1.1.2　主要试剂及仪器 　10 g·L^-1盐酸环喷托酯滴眼液(美国爱尔康公司)，4 g·L^-1盐酸奥布卡因(日本参天制药株式会社)，体积分数2.5%戊二醛溶液（国美集团化学试剂有限公司）；组织/细胞 RNA 快速提取试剂盒、反转录试剂盒(含基因组去除剂)、化学修饰热启动实时荧光定量PCR试剂盒、BCA 蛋白浓度测定试剂盒(山东思科捷科学仪器有限公司)；HIF-1α试剂盒(武汉基因美生物科技有限公司)；PHD-2试剂盒(泉州市睿信生物科技有限公司)；带状光检影镜(苏州六六视觉科技股份有限公司，YZ24)；眼科A超(法国Quantel Medical公司)；针灸针、电子诊疗仪［医疗用品厂有限公司(苏州)，华佗牌SDZ-V型］。
1.2　方法　
1.2.1　动物造模及分组　90只豚鼠随机均分为3组，每组30只，即正常对照（NC）组、透镜诱导型近视（LIM）组、电针+透镜诱导型近视（LIM+EA）组。NC组豚鼠正常饲养，不干预；LIM组和LIM+EA组豚鼠右眼配戴-6.0 D透镜片，建立近视模型；LIM+EA组豚鼠戴镜同时给予双侧针刺合谷穴和太阳穴，每天上午9点开始电针干预30 min。各组豚鼠每天早晚巡视2遍，及时发现脱落及脏的镜片，清洗干净后立即戴上，左眼作为自身对照不干预。电针参数：波形为连续波，频率2 Hz，强度2 mA，脉冲长度0.1 s。
1.2.2　各组豚鼠屈光度及眼轴长度的测量　各组豚鼠造模后2 周、4 周采用带状光检影进行屈光度检查。检查前结膜囊内滴10 g·L^-1盐酸环喷托酯散瞳液3次，每次1滴，间隔10 min，滴眼30 min后由验光师在暗室中使用带状光检影，工作距离为50 cm。屈光度为垂直和水平两条主子午线检验的平均值。
????????造模后2 周、4 周各组豚鼠采用A超进行眼轴长度测量，检查前用4 g·L^-1盐酸奥布卡因眼液滴眼进行表面麻醉。仪器参数设置为^［8］：前房传播速度1557 m·s^-1，玻璃体传播速度1540 m·s^-1，晶状体传播速度1723 m·s^-1。测量时探头垂直角膜平面，且尽可能对准瞳孔中心，不压迫角膜，取图形较稳定、清晰且晶状体后囊膜和视网膜双峰均高于基线为确定图像，每眼重复测量10次,取平均值。整个过程均由同一技师操作完成。

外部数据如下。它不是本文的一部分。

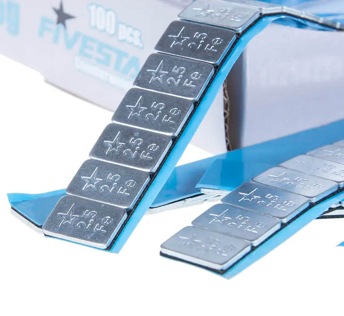 Using the FIVESTARS wheel weights provides for an easy and quick balancing of any ALU rim. Top quality of zinc, strong tape, along with the fact that these weights are extra-thin - these are the main advantages of the FIVESTARS weights. Extra flat weights 2.5 g are only 2.7 mm thick (along with the tape). They were designed to spot even very tight spaces between brake calipers and wheel rims.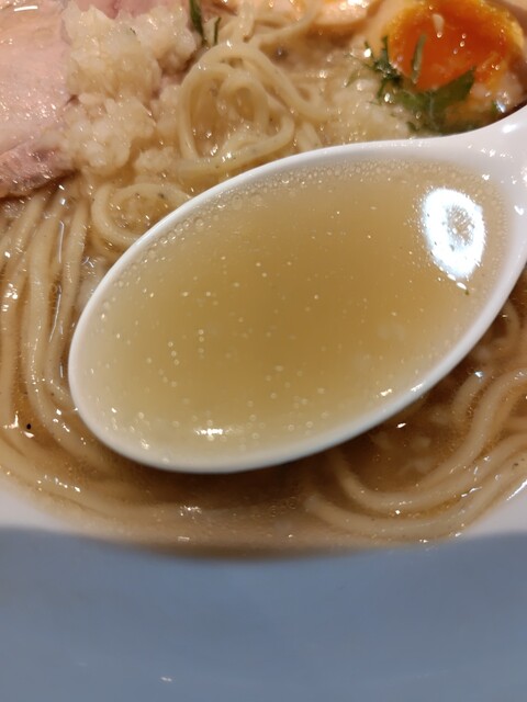 鯛の旨味に溢れる清湯淡麗透明な塩スープ、前回同様塩ダレもまろやか飲みやすい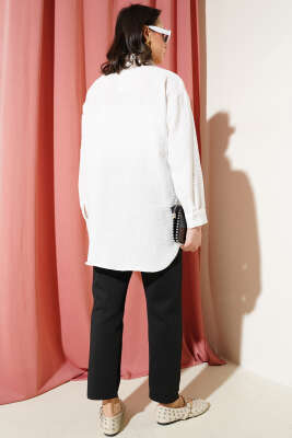Gizli Düğmeli Bel Kuşaklı Gömlek Beyaz
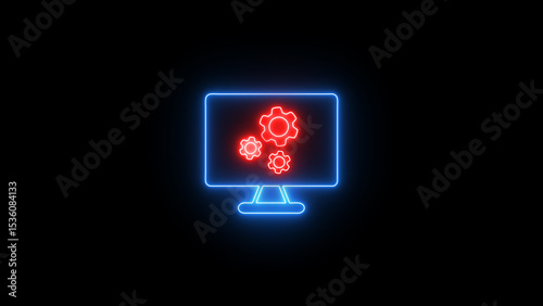 Neon computer screen with gear icons representing settings configuration and system setup on a dark background symbolizing technology and digitalization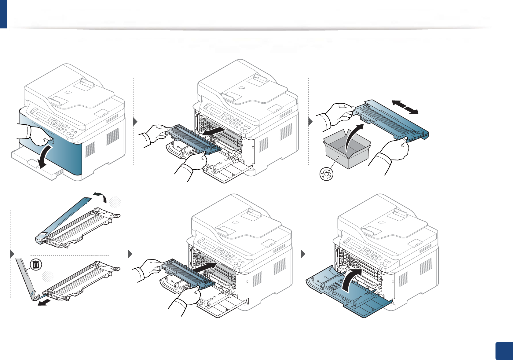 • Do not touch the green area of the imaging unit. Use the handle on the imaging unit to avoid touching this area.

1.2.3　各组豚鼠巩膜中HIF-1α和PHD-2的mRNA表达水平的检测　造模后2周和4周每组随机选取6只豚鼠，麻醉致死后取出右眼眼球，沿角巩膜缘剪开，去除角膜、虹膜、晶状体等眼前节组织，剥离出玻璃体，去除视网膜及脉络膜，获取后极部巩膜组织。用组织/细胞 RNA 快速提取试剂盒提取组织总RNA，逆转录为cDNA，采用q-PCR技术检测各组豚鼠巩膜中HIF-1α和PHD-2 的mRNA相对表达水平，以GAPDH为内参基因。利用 DNAStar软件设计各引物序列，并由上海生工生物工程股份有限公司合成。HIF-1α上游引物:5’-AGCACAACTACAGCATTCCAGCAG-3’,下游引物：5’-GGTGGTGATGTTGTGGCACGAG-3’，大小为200 bp；PHD-2上游引物:5’-CTTGCGGGAGGGTTTTGGTGGTC-3’，下游引物：5’-CCCTCCCCTTCTGCCTCTTGGTTC-3’，大小为219 bp；GAPDH 上游引物:5’-CTGACCTGCCGCCTGGAGA-AACC-3’，下游引物:5 ’-ATGCCAGCCCCAGCGTCA-AAAGT-3’，大小为170 bp。采 用 2^-△△Ct方法对结果进行分析，将NC组目的基因的相对表达量设置为1。
1.2.4　各组豚鼠巩膜中HIF-1α和PHD-2的蛋白表达水平的检测　造模后2周和4周，每组取6只豚鼠右眼巩膜组织，液氮研磨，按质量体积比(20 mg∶200 μL)加入含苯甲基磺酰氟（PMSF)的放射免疫沉淀法缓冲液裂解液(RIPA)，充分匀浆直至裂解完全，14 000 r·min^-1离心4 min，取上清，用BCA蛋白浓度测定试剂盒测定蛋白浓度。按照酶联免疫吸附实验(ELISA)试剂盒说明书检测各组豚鼠巩膜中HIF-1α和PHD-2的蛋白表达水平。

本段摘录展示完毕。